### [EXERCISE AIM]
Restate word for word the lines from the one bearing "Turning your bedroom" through the end of the entries below, and leave every picture out.

■ ■ ■

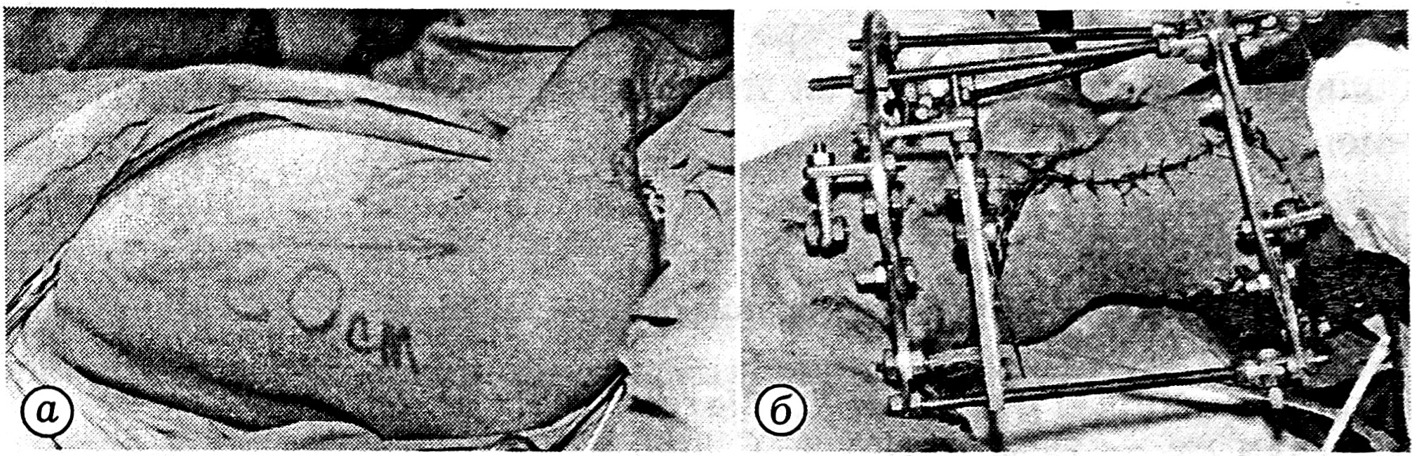 Перед основным этапом (костной пластикой васкуляризованным трансплантатом) осуществляли коррекцию деформации или укорочения сегмента конечности в аппарате Илизарова, который в дальнейшем использовали для фиксации трансплантата в зоне пораженного сегмента. Снимали аппарат после полной консолидации трансплантата с концами реципиентной кости, накладывая гипсовую повязку или тутор из поливика.
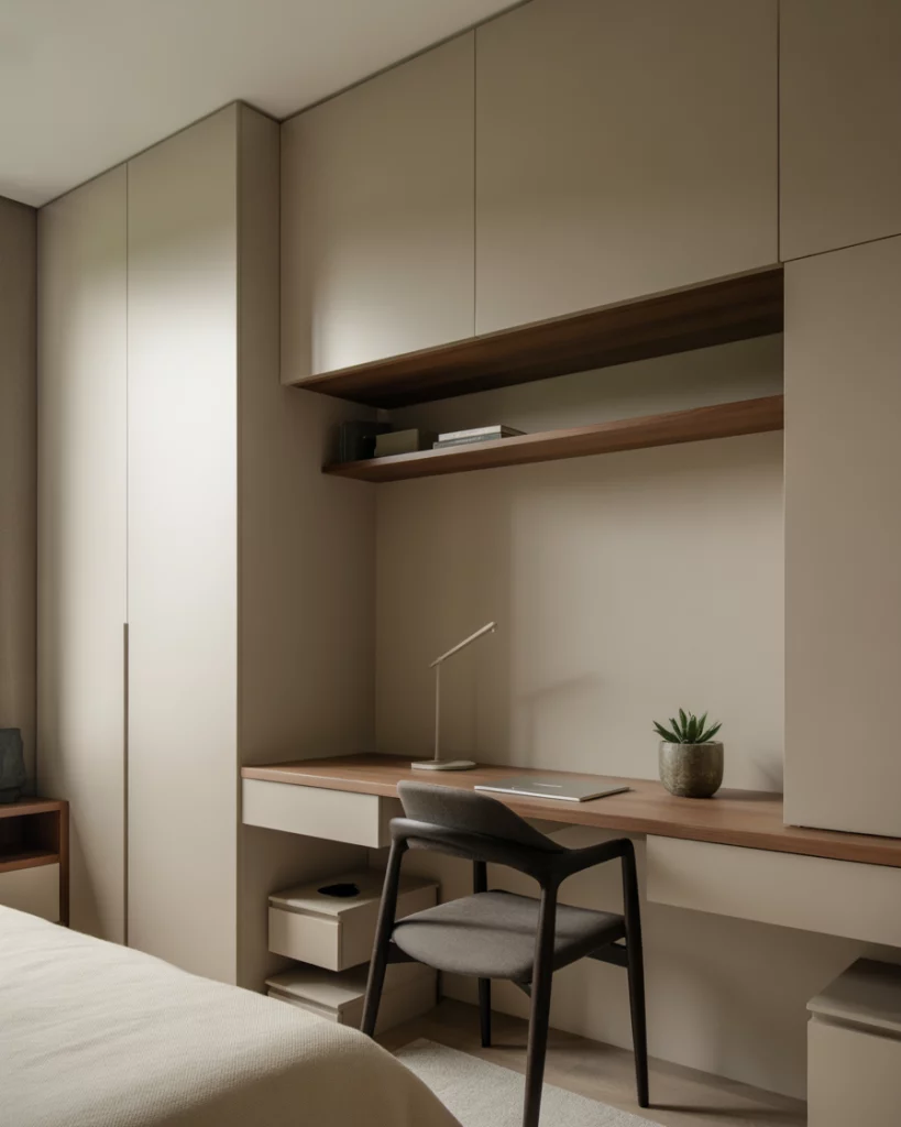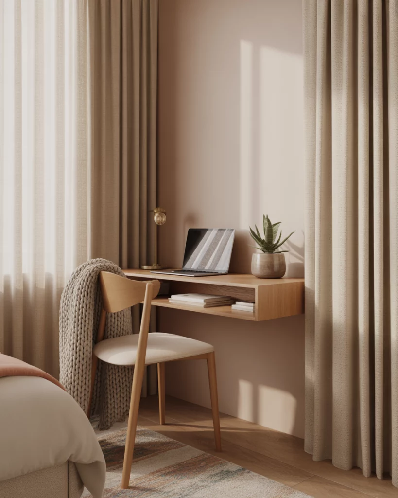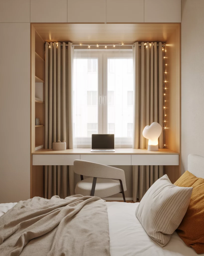 Turning your bedroom corner into a chic office is one of the most popular ideas for hybrid workers. Use slim desks, warm lamps, and layered fabrics to keep the area cozy and visually distinct from your sleeping zone. Neutral hues and simple storage help maintain balance. Interior inspiration from Apartment Therapy shows how to make multifunctional bedrooms feel spacious.
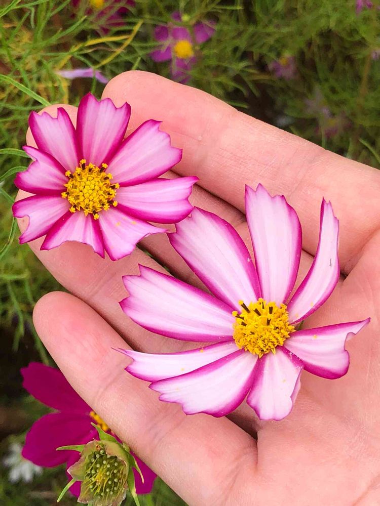 うん❤️そのコスモスはおじいちゃんが花を咲かせてるみたいなんだけど..話をしていて、後で分かったんだけど、私の父が中学校に勤務してた時父に生徒会長をして欲しいと言われそのおじいちゃんはしたと言ってたー(๑˃̵ᴗ˂̵)どこにどんな繋がりがあるか、分からないと思った❤️そのおばあちゃんは私がコスモスの花を写メしていて、面識もなく、初めての人に大量の野菜をくれた🥦何か縁を感じた❤️(//∇//)
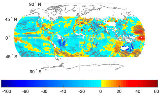 Tendencies of model-computed downward surface solar radiation anomalies (changes in surface solar radiation (SSR), in W m−2) during the period 2001–2009. Dots indicate geographical cells for which the SSR tendencies are statistically significant.
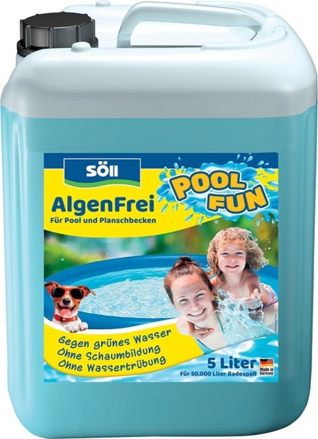 ¿Te has resbalado al entrar en la piscina o en la piscina infantil? Entonces es hora de restablecer los niveles de cloro AlgenFrei de Söll es un alguicida en forma líquida que contrarresta la formación de algas en piscinas pequeñas, spas y piscinas infantiles. Es muy fácil de usar y su efecto es duradero. El producto no enturbia el agua y también se puede utilizar en combinación con otros desinfectantes del agua como AquaDes de Söll.
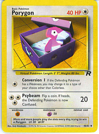Type | Colorless | Pokemon serie | Team Rocket | Stadie | Basic | HP | 40 | Sjældenhed | Uncommon | Tilbagetrækning | 3 | Modstand | P | Svaghed | F | Kortnummer | 48 | Evne |

■ ■ ■

### [ANSWER TO THE EXERCISE]
 Turning your bedroom corner into a chic office is one of the most popular ideas for hybrid workers. Use slim desks, warm lamps, and layered fabrics to keep the area cozy and visually distinct from your sleeping zone. Neutral hues and simple storage help maintain balance. Interior inspiration from Apartment Therapy shows how to make multifunctional bedrooms feel spacious.
 うん❤️そのコスモスはおじいちゃんが花を咲かせてるみたいなんだけど..話をしていて、後で分かったんだけど、私の父が中学校に勤務してた時父に生徒会長をして欲しいと言われそのおじいちゃんはしたと言ってたー(๑˃̵ᴗ˂̵)どこにどんな繋がりがあるか、分からないと思った❤️そのおばあちゃんは私がコスモスの花を写メしていて、面識もなく、初めての人に大量の野菜をくれた🥦何か縁を感じた❤️(//∇//)
 Tendencies of model-computed downward surface solar radiation anomalies (changes in surface solar radiation (SSR), in W m−2) during the period 2001–2009. Dots indicate geographical cells for which the SSR tendencies are statistically significant.
 ¿Te has resbalado al entrar en la piscina o en la piscina infantil? Entonces es hora de restablecer los niveles de cloro AlgenFrei de Söll es un alguicida en forma líquida que contrarresta la formación de algas en piscinas pequeñas, spas y piscinas infantiles. Es muy fácil de usar y su efecto es duradero. El producto no enturbia el agua y también se puede utilizar en combinación con otros desinfectantes del agua como AquaDes de Söll.
Type | Colorless | Pokemon serie | Team Rocket | Stadie | Basic | HP | 40 | Sjældenhed | Uncommon | Tilbagetrækning | 3 | Modstand | P | Svaghed | F | Kortnummer | 48 | Evne |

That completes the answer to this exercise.